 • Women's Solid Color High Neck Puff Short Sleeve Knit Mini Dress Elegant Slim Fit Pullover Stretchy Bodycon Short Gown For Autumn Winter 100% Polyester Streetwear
- - - - -
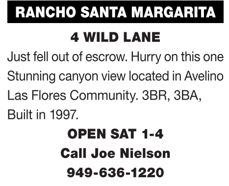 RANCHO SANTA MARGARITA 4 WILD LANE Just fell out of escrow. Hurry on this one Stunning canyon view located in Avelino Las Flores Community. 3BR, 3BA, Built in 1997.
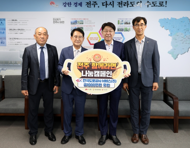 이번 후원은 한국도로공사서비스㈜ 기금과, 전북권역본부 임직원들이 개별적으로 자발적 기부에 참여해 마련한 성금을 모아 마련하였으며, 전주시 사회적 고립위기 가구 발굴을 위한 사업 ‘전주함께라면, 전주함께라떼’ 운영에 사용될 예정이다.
- - - - -
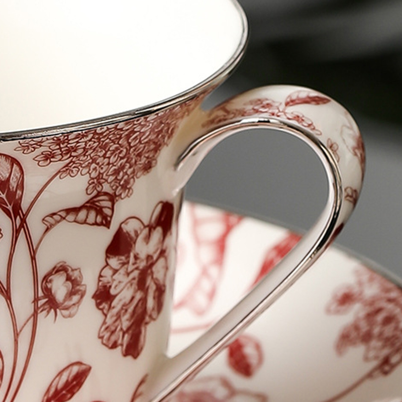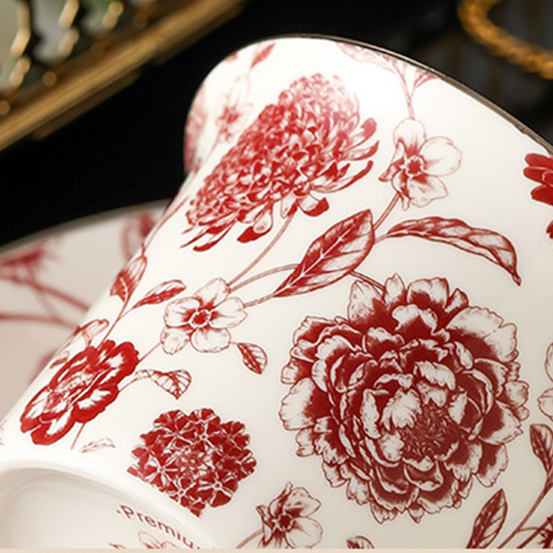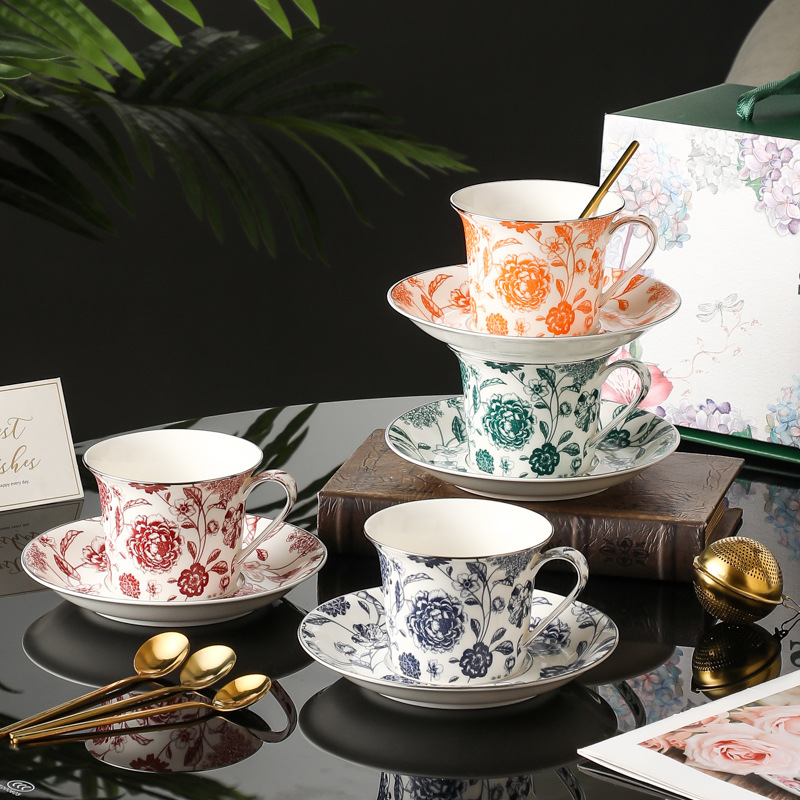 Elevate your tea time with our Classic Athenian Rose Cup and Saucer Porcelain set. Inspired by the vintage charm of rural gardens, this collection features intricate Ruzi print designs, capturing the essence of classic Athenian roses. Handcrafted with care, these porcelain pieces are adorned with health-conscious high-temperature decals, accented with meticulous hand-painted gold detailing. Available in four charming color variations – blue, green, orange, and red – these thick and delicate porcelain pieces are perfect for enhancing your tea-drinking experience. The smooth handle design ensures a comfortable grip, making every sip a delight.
- - - - -
- Aim of the exercise
Text only, no pictures: please print exactly the lines above from the line with "RANCHO SANTA MARGARITA" up to and including the line with "이번 후원은 한국도로공사서비스㈜", and nothing else.

- Response to the task
 RANCHO SANTA MARGARITA 4 WILD LANE Just fell out of escrow. Hurry on this one Stunning canyon view located in Avelino Las Flores Community. 3BR, 3BA, Built in 1997.
 이번 후원은 한국도로공사서비스㈜ 기금과, 전북권역본부 임직원들이 개별적으로 자발적 기부에 참여해 마련한 성금을 모아 마련하였으며, 전주시 사회적 고립위기 가구 발굴을 위한 사업 ‘전주함께라면, 전주함께라떼’ 운영에 사용될 예정이다.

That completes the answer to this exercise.